L’exposition Momies : un voyage universel entre science, culture et mémoire
Au Musée de l’Homme, l’exposition Momies invite à une rencontre rare : celle de personnes momifiées venues du monde entier. Conçue par une équipe pluridisciplinaire sous la co-direction d’Éloïse Quétel, responsable des collections médicales de Sorbonne Université, l’exposition explore les multiples facettes de la momification : un geste universel, à la croisée de la science, de la culture et de la mémoire.
Illustration : Momie de nourrisson égyptien @ MNHN - J.C. Domenech
Rencontre avec Éloïse Quétel
« Les momies ont toujours suscité à la fois fascination et répulsion », explique la co-commissaire d’exposition, Éloïse Quétel. En plaçant cette ambivalence au cœur du parcours, elle invite, avec le co-commissaire scientifique Pascal Sellier et les commissaires muséographiques Eve Bouzeret et Bérivan Ozcan, le visiteur à s’interroger sur les raisons pour lesquelles, depuis des millénaires, l’humanité cherche à retenir le corps. « La momification n’est pas une curiosité, mais un geste profondément humain, rappelle Éloïse Quétel. Partout, elle répond au même besoin : maintenir un lien entre les vivants et les morts. »
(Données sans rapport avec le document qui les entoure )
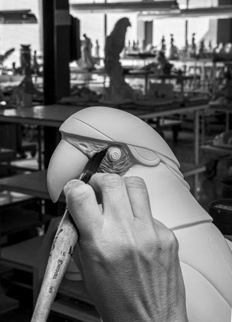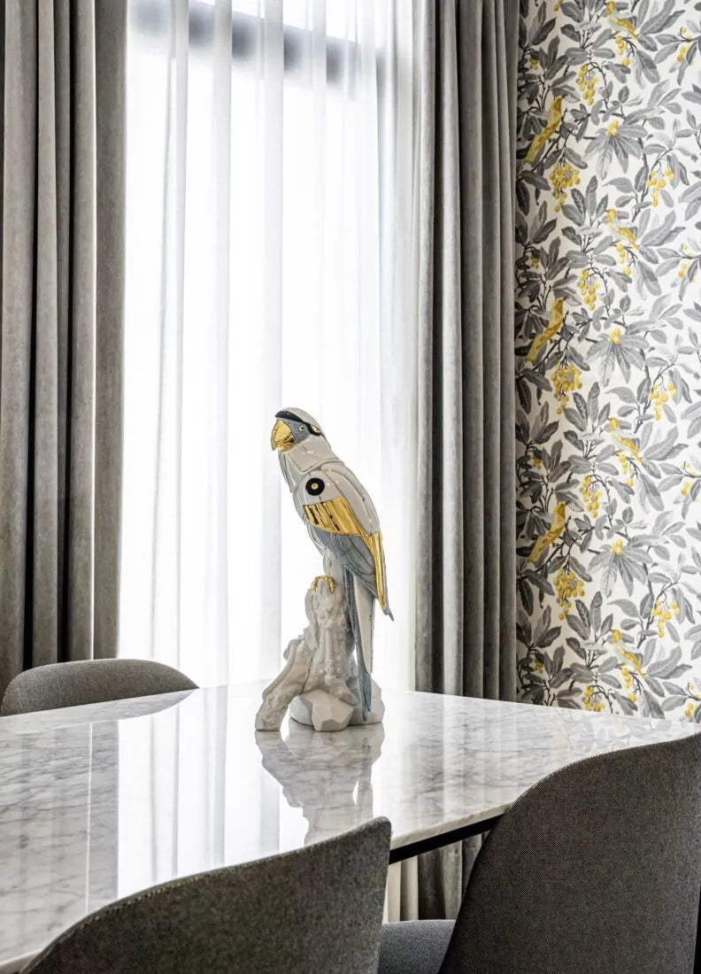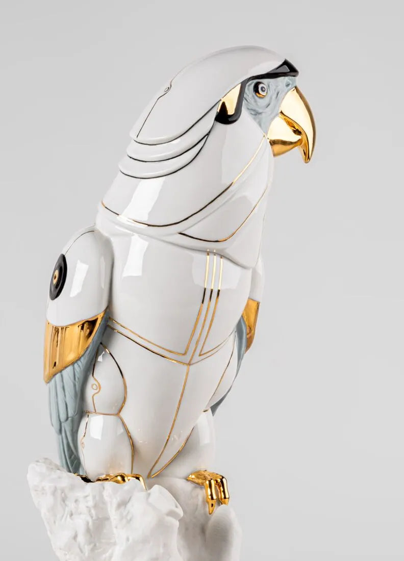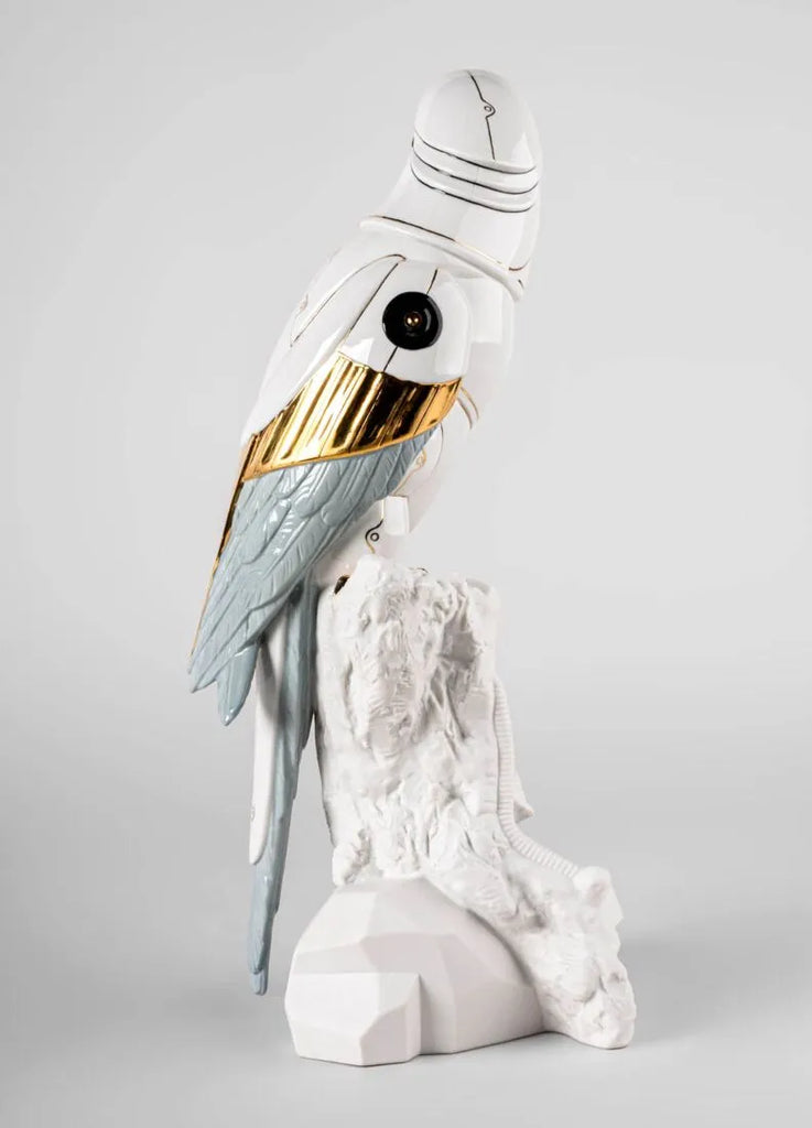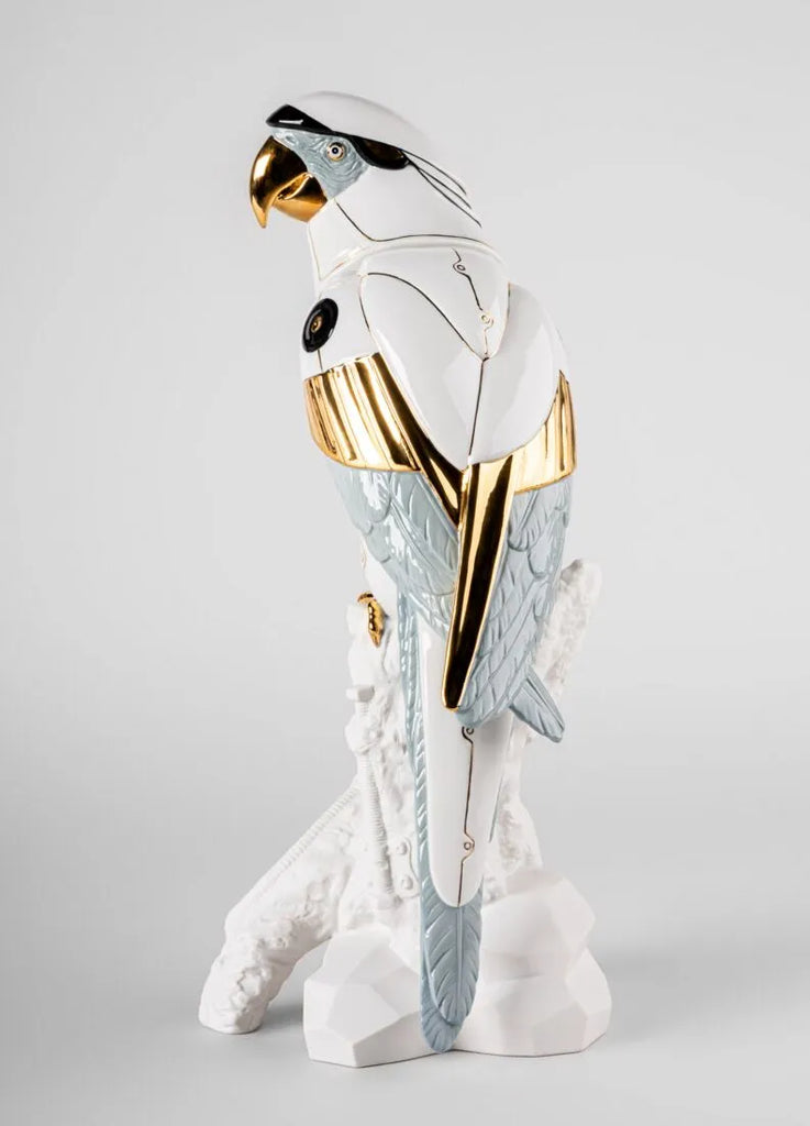 En un mundo acostumbrado a los avances más sorprendentes de la ciencia, el arte sigue componiendo realidades nuevas e inesperadas, como ocurre con Guacamayo Cyborg. Mitad animal, mitad máquina, el cyborg es un producto de la imaginación, de la idea de un mundo en el que los seres vivos y los robots se complementan. Las formas inconfundibles del guacamayo, perfectamente modeladas en porcelana blanca brillo, muestran un nuevo significado gracias a la decoración y al trabajo ornamental. Detalles en lustre dorado, negro y gris azulado realzan la figura, creando un contraste muy llamativo.

Grâce à ce thème, cette exposition met à l’honneur, pour les dix ans de la réouverture du Musée de l’Homme, l’une des quatre plus vastes collections de momies au monde. « Le Musée de l’Homme conserve 70 corps complets de défunts momifiés », souligne la co-commissaire. Conservatrice-restauratrice du patrimoine, formée à la conservation des restes humains et matériaux organiques, Eloïse Quétel a consacré quatre ans à ces collections. Après un stage au Musée de l’Homme au sein de l’atelier de restauration des momies et restes humains organiques en 2013, elle en assure la gestion et la conservation, avant de prendre la tête des collections médicales et d’anatomie pathologique de Sorbonne Université.
Déconstruire les clichés et retrouver le sens
Loin du mythe égyptien ou de l’image de Rascar Capac, l’exposition Momies montre la diversité des pratiques funéraires à travers le monde. Le visiteur découvre une fresque culturelle où se côtoient momies andine, égyptienne, guanche, européennes ou asiatique. Les plus anciennes, celles des Chinchorros du Chili, remontent à près de 9 000 ans, les plus récentes, comme celles du XVIIᵉ siècle en Europe, témoignent des débuts de l’embaumement moderne.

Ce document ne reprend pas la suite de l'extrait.